33․Accordingly, even if the word “usually” in the phrase “usually based” is used in the sense discussed in Hanns of requiring identification of the place where Mr Moir was “habitually or customarily” based rather than where he was “mostly or predominantly” based, the result is the same. The evidence drawn from the broader time period (not just the 12 month period to which the “usually works” test is confined) established that Mr Moir was habitually, customarily, mostly and predominantly based in the ACT. We are not persuaded that, in reaching the conclusion he did, Elkaim J conflated the two tests.
Ground 1B: failure to identify something more than a “convenient place”
34․The second complaint is that in finding the respondent was based at “the places where he is directed to work” the trial judge erred by failing to identify something more than a convenient place from which to perform the work required of the worker in the employment.
35․I.C. Formwork sought to draw support for this submission from the decision of this Court in Avon Products Pty Ltd v Falls [2010] ACTCA 21; 5 ACTLR 34 at [32]. The worker in that case was an Avon District Sales Manager who had responsibility for a large number of sales agents covering a wide geographical area.
36․The Court said at [32] (Gray P, Penfold and Marshall JJ):
As no single Territory or State is identified in this case by s 36B(3)(a) of the ACT Act, the Court is required by s 36B(3)(b) to attempt to identify where Ms Falls was usually based for the purposes of her employment. The evidence before the Court shows no particular usual base. The fact that Ms Falls did some work from home does not necessarily constitute that place as her base for the purposes of her employment. Something more than a convenient place for part of her duties to be carried out is required before it can be said that her residence was her base in an employment sense. In the same way it might be said that while working in her sales district in the ACT her vehicle was her base. What would have particular relevance is the provision by the employer of a place from which the employee is expected to operate.
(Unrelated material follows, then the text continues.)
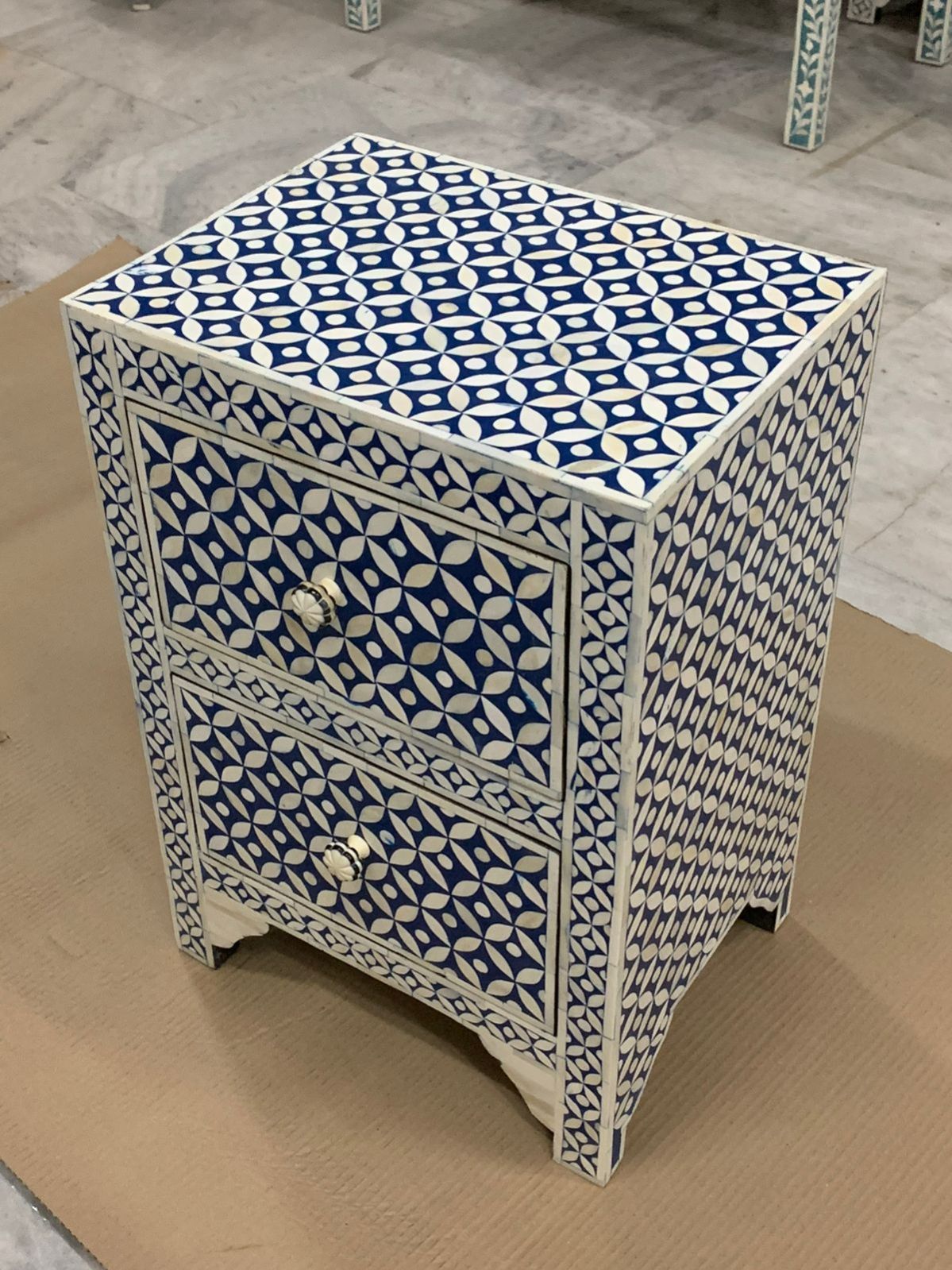 This stunning handmade bone inlay bedside table is crafted by skilled artisans using traditional bone inlay techniques. The table features a beautiful blue and white floral geometric pattern that adds a sophisticated decorative touch to any bedroom interior.

Accordingly s 36B(3)(b) does not appear to answer the question of what is the State or Territory of connection in the case of Ms Falls.
37․I.C. Formwork relied in particular on the Court’s observation that “[s]omething more than a convenient place for part of her duties to be carried out is required before it can be said that her residence was her base in an employment sense”.
38․The individual reasoning in a different case based on different facts cannot be elevated to a statement of legal principle. As explained by Mossop J at [72] in the first appeal in these proceedings, “the terms of s 36B(3)(a) and (b) should be read according to their terms”. Identification of the Territory or State where the worker is usually based for the purposes of the employment must be analysed through the framework provided by s 36B(7), which specifies “focal points of the analysis”: Mossop J at [50](e).
39․Section 36B(7) provides:
(7) In deciding whether a worker is usually based in a Territory or State regard must be had to the following:
(a)if the employer provides a place from which the worker is expected to operate–that place;
(b)if a place is stated in the worker's contract of employment with the employer–that place;
(c)the place from which the worker routinely receives day-to-day instructions from the employer;
(d)the place where the worker attends to collect material for the purposes of their employment;
(e)the place where the worker reports for administrative, human resource and other issues related to the workers' employment with the employer.
40․The primary judge addressed those considerations in turn. Consideration (a) is “if the employer provides a place from which the worker is expected to operate–that place”. Addressing that issue, the primary judge said at [29]-[30]:
29. The nature of the defendant's business is to carry out formwork at assorted locations. The plaintiff's participation, as a formworker, was to go to the place where the work was being done and where all of his work-related necessities would be located. Thus, the materials would be on-site as would be his tools. He would participate in any safety meetings, inductions and the like on site. A container was provided by the defendant for storage of any tools and equipment. A site office was also usually present.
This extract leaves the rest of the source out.